START Task material

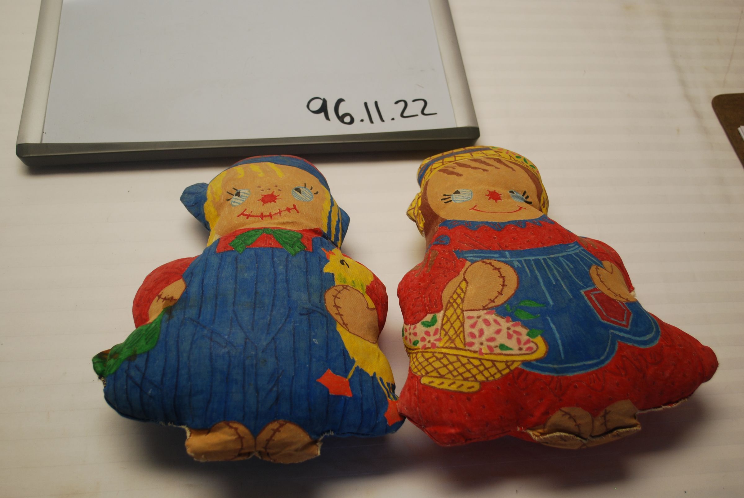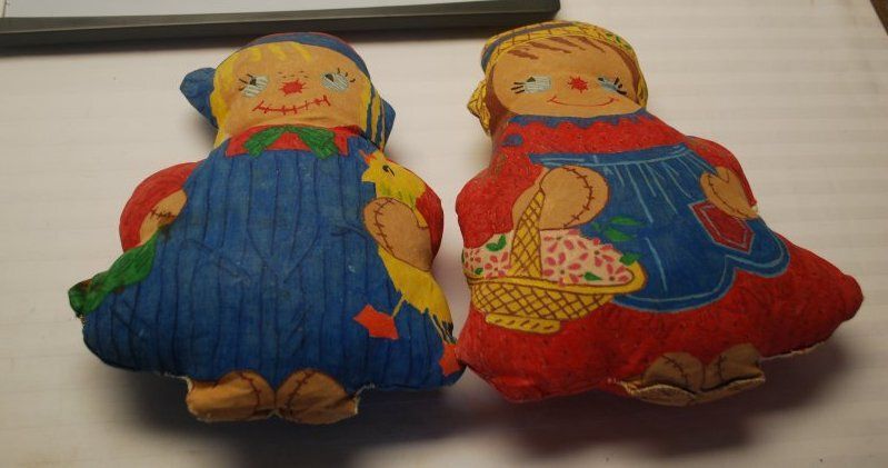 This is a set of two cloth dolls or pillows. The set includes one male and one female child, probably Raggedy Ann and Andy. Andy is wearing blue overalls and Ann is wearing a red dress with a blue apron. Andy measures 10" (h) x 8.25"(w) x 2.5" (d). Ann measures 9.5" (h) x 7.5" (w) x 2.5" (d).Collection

END Task material
START Task material

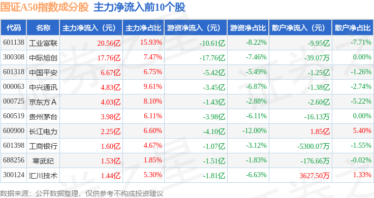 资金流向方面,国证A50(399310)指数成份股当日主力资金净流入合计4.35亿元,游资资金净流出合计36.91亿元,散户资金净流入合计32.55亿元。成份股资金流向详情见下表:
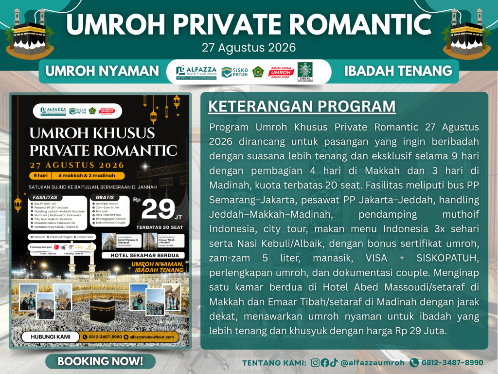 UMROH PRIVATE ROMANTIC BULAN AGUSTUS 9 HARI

END Task material
START Task material

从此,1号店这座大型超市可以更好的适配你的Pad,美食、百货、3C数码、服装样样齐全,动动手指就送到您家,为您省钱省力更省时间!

END Task material

- Exercise directions -
Word for word, restate the lines above from the one with "资金流向方面,国证A50(3" through the one with "UMROH PRIVATE ROMANTIC BULAN AGUSTUS 9 HARI", keeping both ends and dropping the pictures.

- Your solution -
 资金流向方面,国证A50(399310)指数成份股当日主力资金净流入合计4.35亿元,游资资金净流出合计36.91亿元,散户资金净流入合计32.55亿元。成份股资金流向详情见下表:
 UMROH PRIVATE ROMANTIC BULAN AGUSTUS 9 HARI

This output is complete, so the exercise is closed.